Callcenter: „Sind wir zu weit weg für Sie?“
Herr O.: „Ja, auch, auch.“
– „Auch?! Spricht mehr gegen uns?“
– „Ja… nee… was heißt jetzt gegen Sie?“
– „Sie können offen reden, die Umfrage ist anonym.“
– „Das Ruhrgebiet kennen wir jetzt nicht so. Es steht aber nicht so für Attraktivität, dass wir uns das touristisch reinziehen würden.“
Auch die Vorstellung des Still-Lebens reloaded fruchtet nicht:
O.: „Wenn Sie den Weg durch die A 2 nehmen, und haben da einen Künstler, der einen Stau anbietet, haben aber schon die ganze Zeit im Stau gestanden und sind froh, dass Sie daraus sind, nee, das ist dann nicht so das Thema. Kann man so nicht sagen.
– „Dessau bietet also genug Kultur?“
– „Kann man so nicht sagen.“
Fazit: Keine Ahnung, aber seine Vorurteile pflegen. Soll die höllische Innenstadt von Dessau genießen. Hätte man das Still-Leben als kollektives Schlangestehen verkauft, wären wahrscheinlich busseweise Menschen gekommen aus dem Land der Frühaufsteher.
Zurück nach NRW, in die Berge, wo schon das Krähen des Hahns als Event durchgeht. In die Stadt, von der es heißt, sie sei schlimmer als Verlieren. Nach Siegen. Eine Stunde bis Dortmund. Frau K., sehr rege, mit englischem Akzent.

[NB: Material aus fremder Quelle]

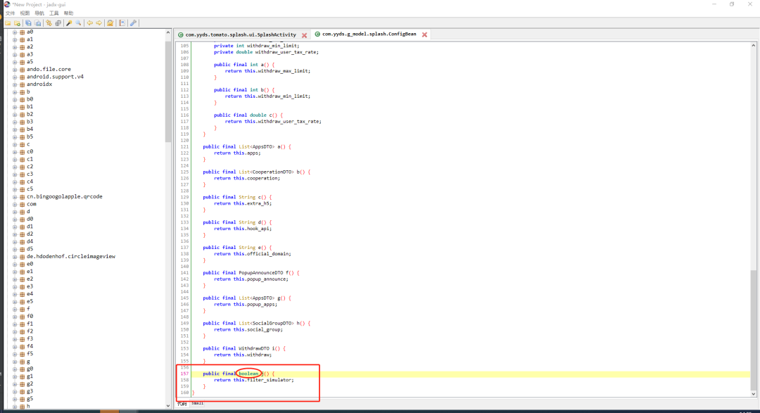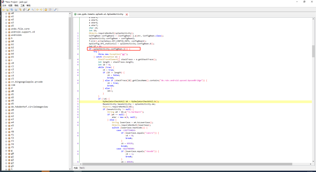 经过上面的一系列分析,我们已经确定了环境检测的代码块,对应的判断条件就是“splashActivity.configBean.j()”这个方法。

Frau K.: „Wir sind aber im Auslandsgebiet, in Siegen.“
– „Das war aber die Europäische Kulturhauptstadt und sollte sogar Menschen aus Stuttgart ansprechen. Na gut, die haben im Moment andere Attraktionen.“
– „Oh, Glasgow war auch mal Kulturhauptstadt. It was a good support for us. Mein Mann ist Däne mit schwedischem Hintergrund, und ich komme aus Schottland.“
– „Da sind Sie mit dem Hintergrund ideale Ansprechpartner.“
– „Jetzt bekomme ich ein schlechtes Gewissen.“
– „Wir wollten damit auch Werbung machen für das Ruhrgebiet.“
– „In Siegen gab es auch ein langes Kulturwochenende. Wahnsinnig viele Leute haben da gesehen, dass Siegen gar nicht so hässlich ist.“
– „Zum Glück war es nicht in Hagen.“
– „Oh, Hagen hat eine sehr gute Oper…“
– „Dann wäre der Day of Song was für Sie gewesen. There was a big concert in Gelsenkirchen, in the football stadium, with about 60 000 participants…“
– „Ich mag solche Großveranstaltungen nicht. Neulich waren wir in Olpe beim Kammerorchester Sankt Petersburg mit einem tollen Flügelhornspieler. Ich kannte ihn nicht, er soll aber sehr berühmt sein.“
Fazit: Der Mann mit dem Flügelhorn heißt Sergej Nakariakow, ist wirklich toll. Wenn mal ein toller Usbeke im Muttental Nasenflöte spielt, melden wir uns. Der englische Akzent war schottisch.
Zusammenfassung: Entweder haben die Menschen in der Vorab-Umfrage gelogen, um nicht als Kulturbanausen da zustehen, oder die Umfrage war von Forsa. Aus Interesse wird keiner kommen. Mitleid und Schuldbewusstsein könnten zur Reise ins Ruhrgebiet motivieren. Für Duisburg bleibt die Nische des Trauertourismus.